Task description
Transcribe only the lines from the one containing "今天上午,纵相新闻记者登录该" through the final line of the entries below, exactly, and exclude the pictures.

Records supplied
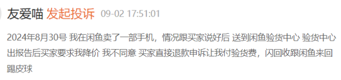 还有消费者表示平台会较长时间留置待验货的手机,其表示“由闲鱼平台客户工作失误,导致验机费判定失职,本该由买家承担的判定给我了,因为买家已经明确说过他承担验机费,验机费是闲鱼客服失职造成的,不该由我承担,闪回收一直压着我的手机,我手机的折旧费应由闪回收承担闪回收,客服态度恶劣,不给解决问题。”
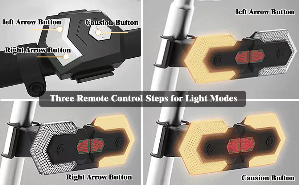 • 🚴[وحدة تحكم ذكية] - مجهزة بجهاز تحكم عن بعد ذكي، يمكنها التحكم بسهولة في أضواء إشارة الانعطاف اليسرى واليمنى، وأضواء الطوارئ وأدلة التحذير، وتحذير المشاة والمركبات في الليل أو الأيام الممطرة لضمان السلامة.
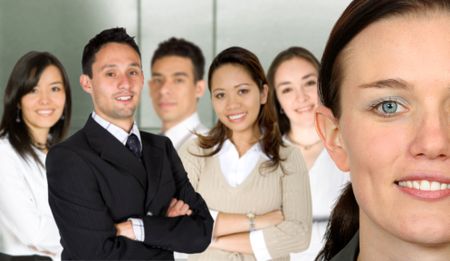 beautiful business woman and her team in an office
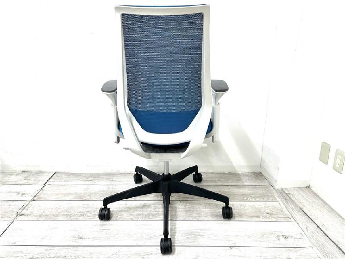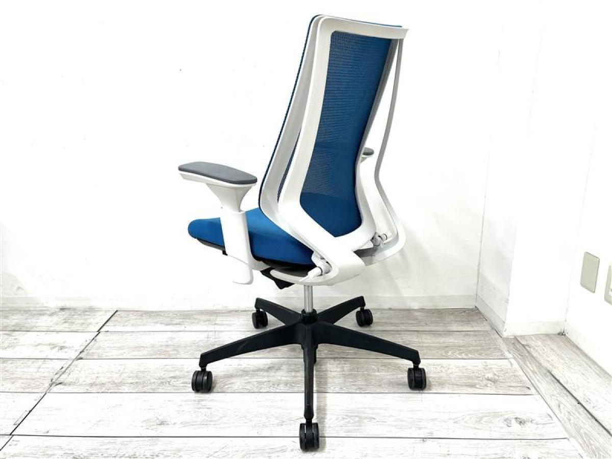 ■コクヨ(KOKUYO)製 ■デュオラ(Duora)チェア ■肘付き/可動肘 ■ハイバック ■背面メッシュ ■ヘッドレスト付き ■ランバーサポート付き ■ブルー×ホワイトシェル 【弊社使用欄:A01062318 K】
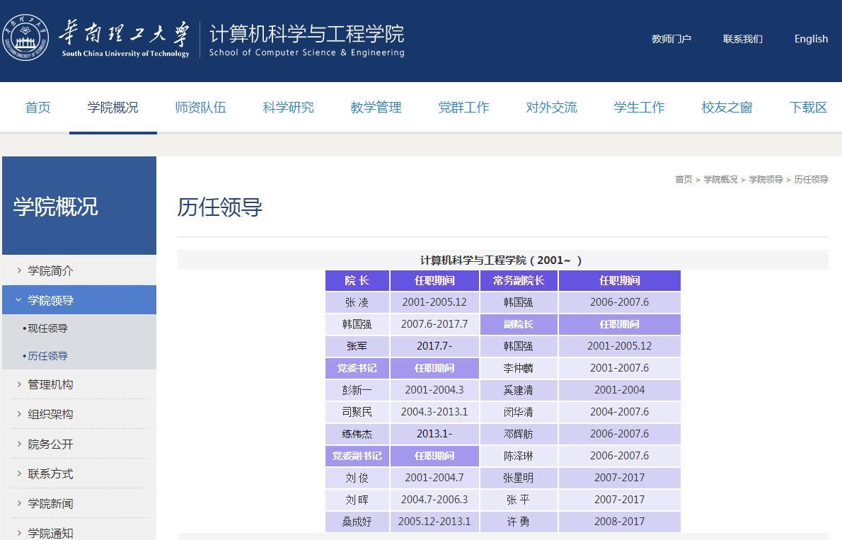 今天上午,纵相新闻记者登录该校官网,进入计算机科学与工程学院查看“现任领导”,发现院长、书记一栏均显示空缺,而点击“历任领导”,可以看到2017年7月以来该学院院长的确就是网贴爆料的张军,2013年1月以来党委书记也正是爆料中所说的练伟杰。
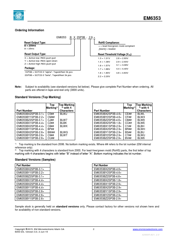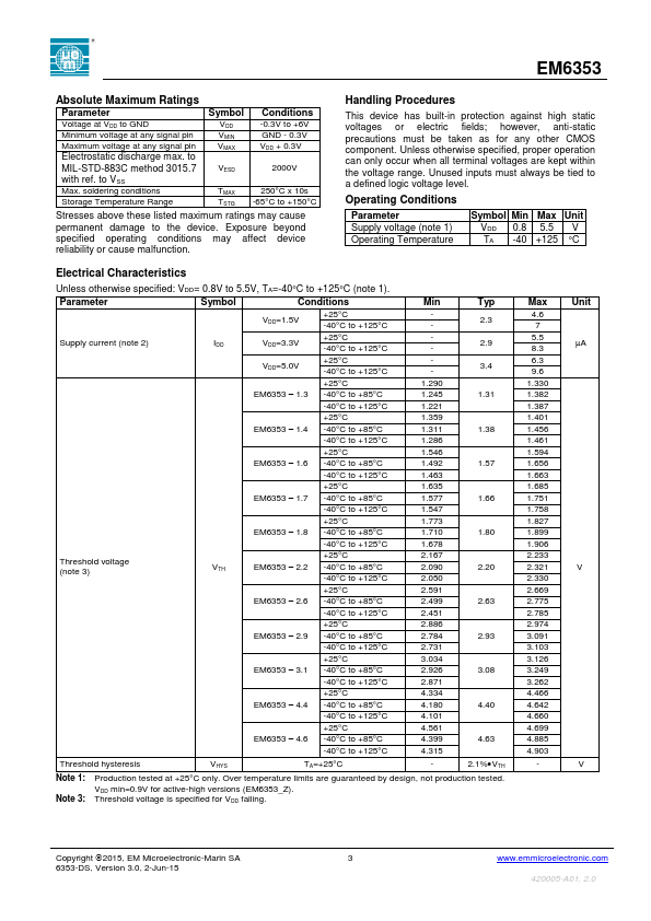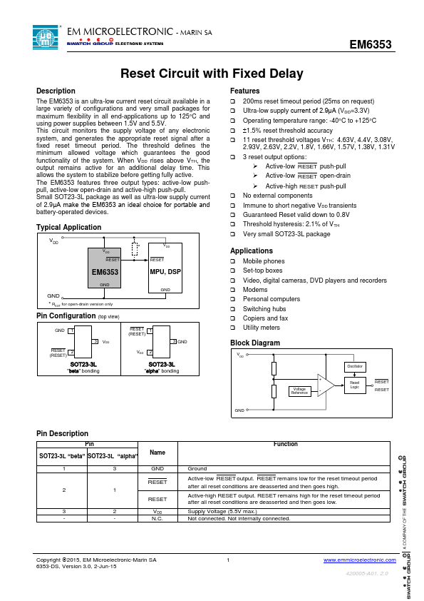 The EM6353 is an ultra-low current reset circuit available in a large variety of configurations and very small packages for maximum flexibility in all end-applications up to 125°C and using power supplies between 1.5V and 5.5V.
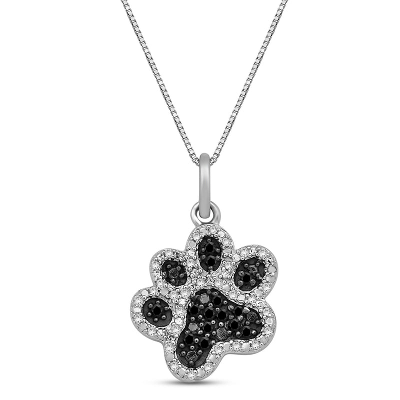 Jewelili Sterling Silver 1/5 CTTW Treated Black and Natural White Round Diamonds Dog Paw Pendant Necklace

Answer to the exercise
 今天上午,纵相新闻记者登录该校官网,进入计算机科学与工程学院查看“现任领导”,发现院长、书记一栏均显示空缺,而点击“历任领导”,可以看到2017年7月以来该学院院长的确就是网贴爆料的张军,2013年1月以来党委书记也正是爆料中所说的练伟杰。
 The EM6353 is an ultra-low current reset circuit available in a large variety of configurations and very small packages for maximum flexibility in all end-applications up to 125°C and using power supplies between 1.5V and 5.5V.
 Jewelili Sterling Silver 1/5 CTTW Treated Black and Natural White Round Diamonds Dog Paw Pendant Necklace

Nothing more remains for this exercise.